Items listed in a dataset:
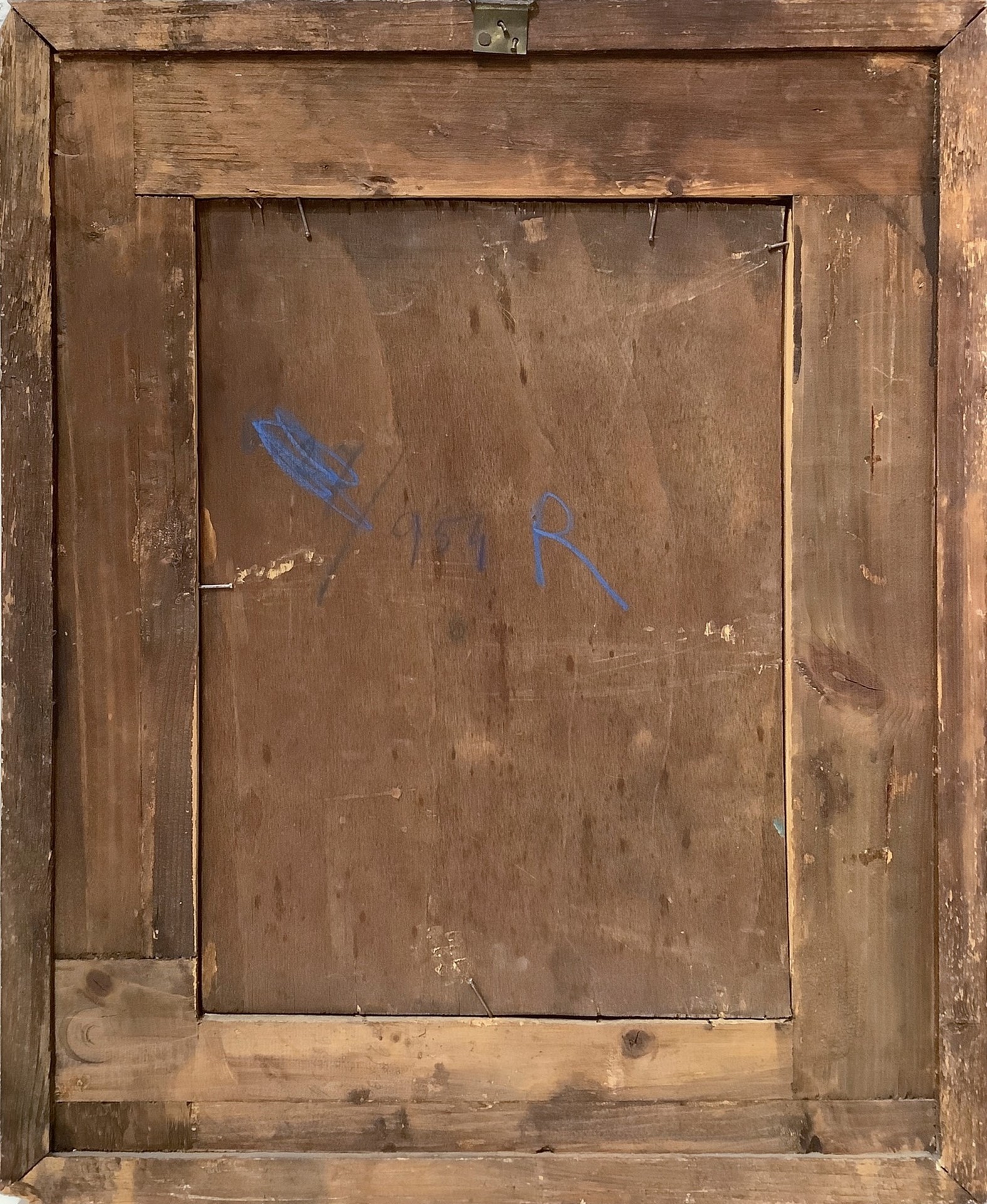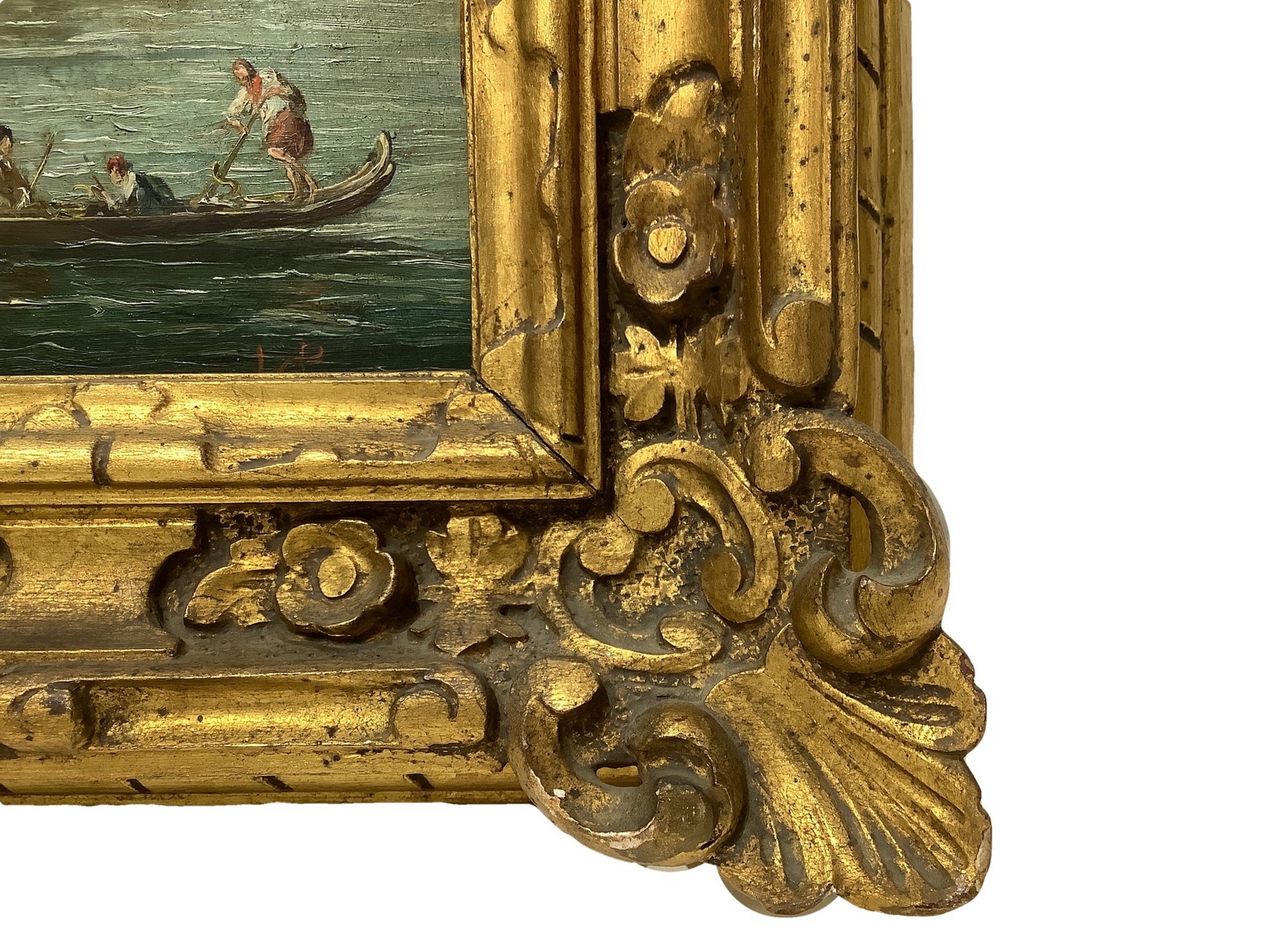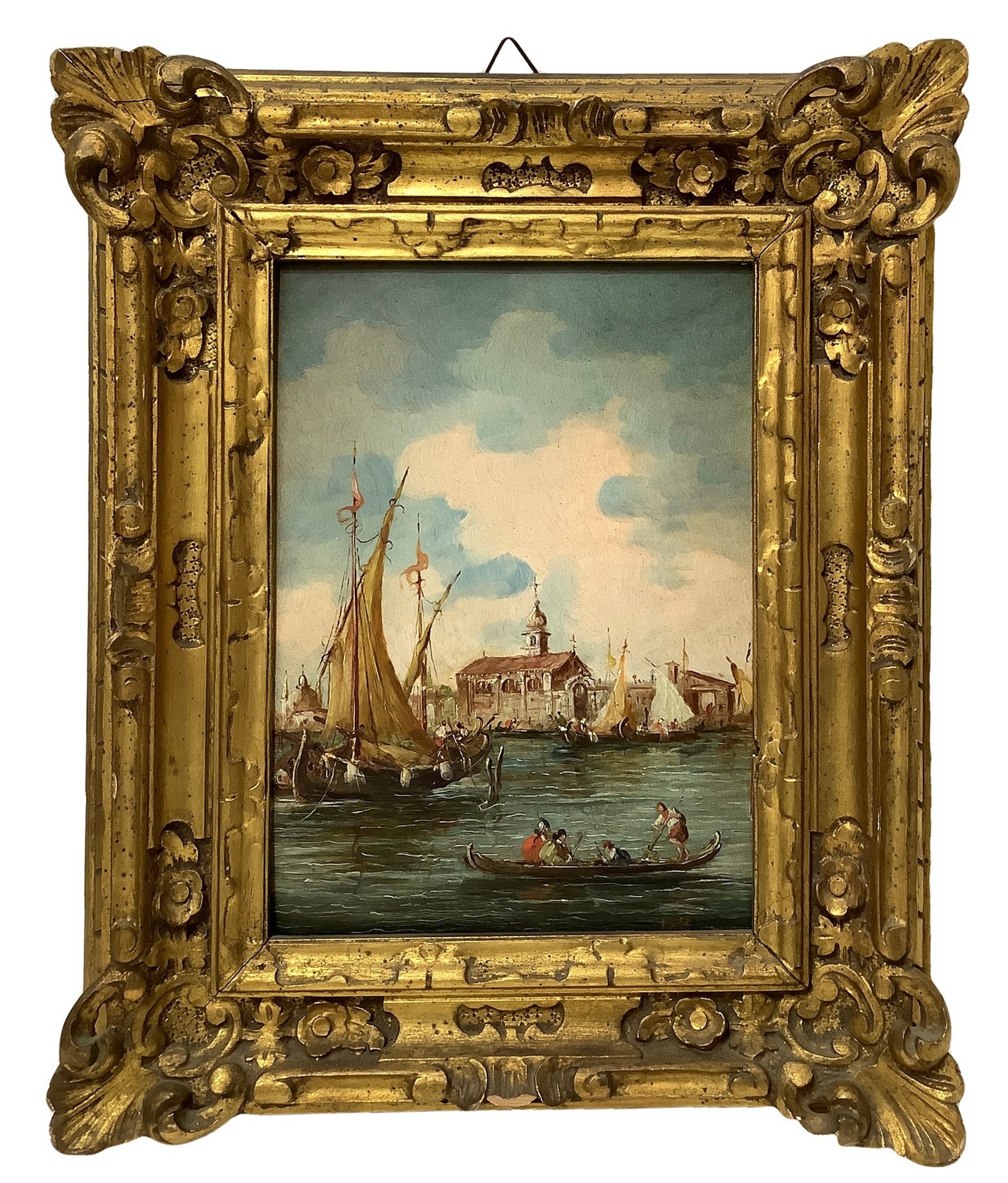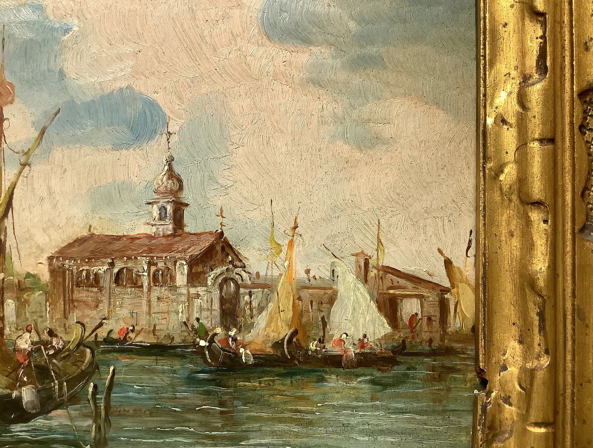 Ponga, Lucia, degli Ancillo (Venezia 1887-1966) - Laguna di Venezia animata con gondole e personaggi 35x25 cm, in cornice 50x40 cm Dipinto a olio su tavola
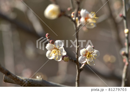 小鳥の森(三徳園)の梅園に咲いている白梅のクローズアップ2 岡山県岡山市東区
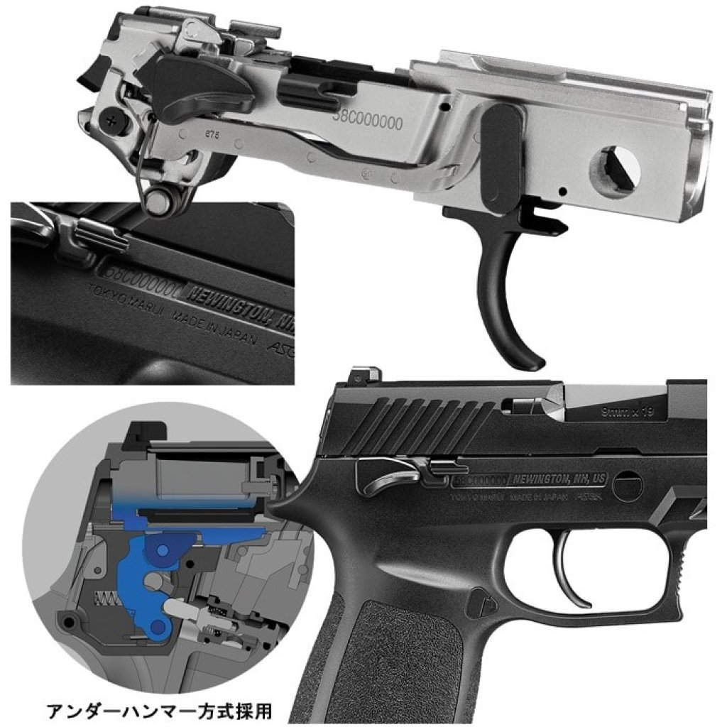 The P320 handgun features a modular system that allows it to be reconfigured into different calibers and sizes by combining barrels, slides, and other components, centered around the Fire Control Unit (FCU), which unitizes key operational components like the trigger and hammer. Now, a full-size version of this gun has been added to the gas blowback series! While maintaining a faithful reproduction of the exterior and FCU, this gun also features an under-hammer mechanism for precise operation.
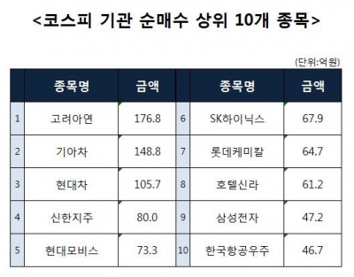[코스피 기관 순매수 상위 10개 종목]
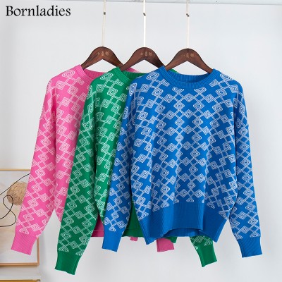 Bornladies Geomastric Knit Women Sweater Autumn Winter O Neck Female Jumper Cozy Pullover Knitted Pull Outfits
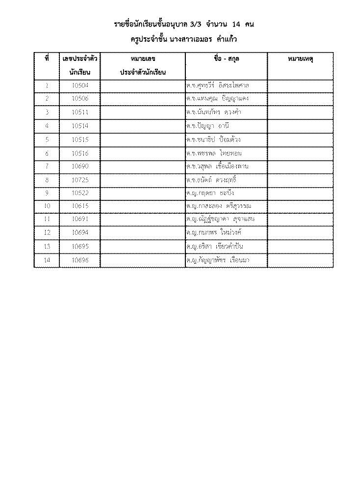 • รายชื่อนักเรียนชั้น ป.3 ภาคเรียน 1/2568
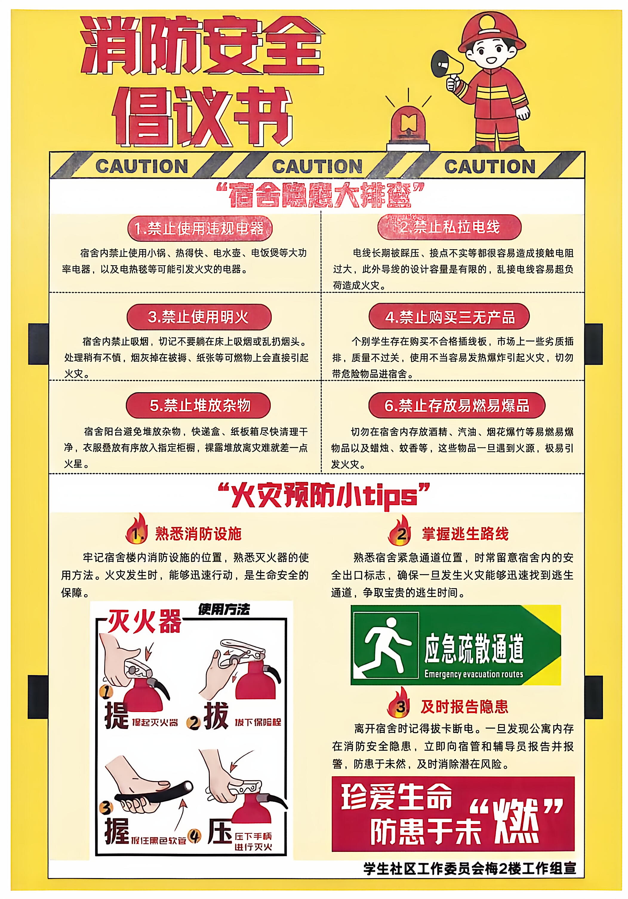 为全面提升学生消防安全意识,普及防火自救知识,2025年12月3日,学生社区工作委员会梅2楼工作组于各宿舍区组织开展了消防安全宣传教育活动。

WORK INSTRUCTIONS:
Give the lines exactly, from the first line of the entries to the line with "小鳥の森(三徳園)の梅園に咲いている白梅のクローズアップ2 岡山県岡山市東区", both ends included. Skip the pictures.

FINAL ANSWER:
 Ponga, Lucia, degli Ancillo (Venezia 1887-1966) - Laguna di Venezia animata con gondole e personaggi 35x25 cm, in cornice 50x40 cm Dipinto a olio su tavola
 小鳥の森(三徳園)の梅園に咲いている白梅のクローズアップ2 岡山県岡山市東区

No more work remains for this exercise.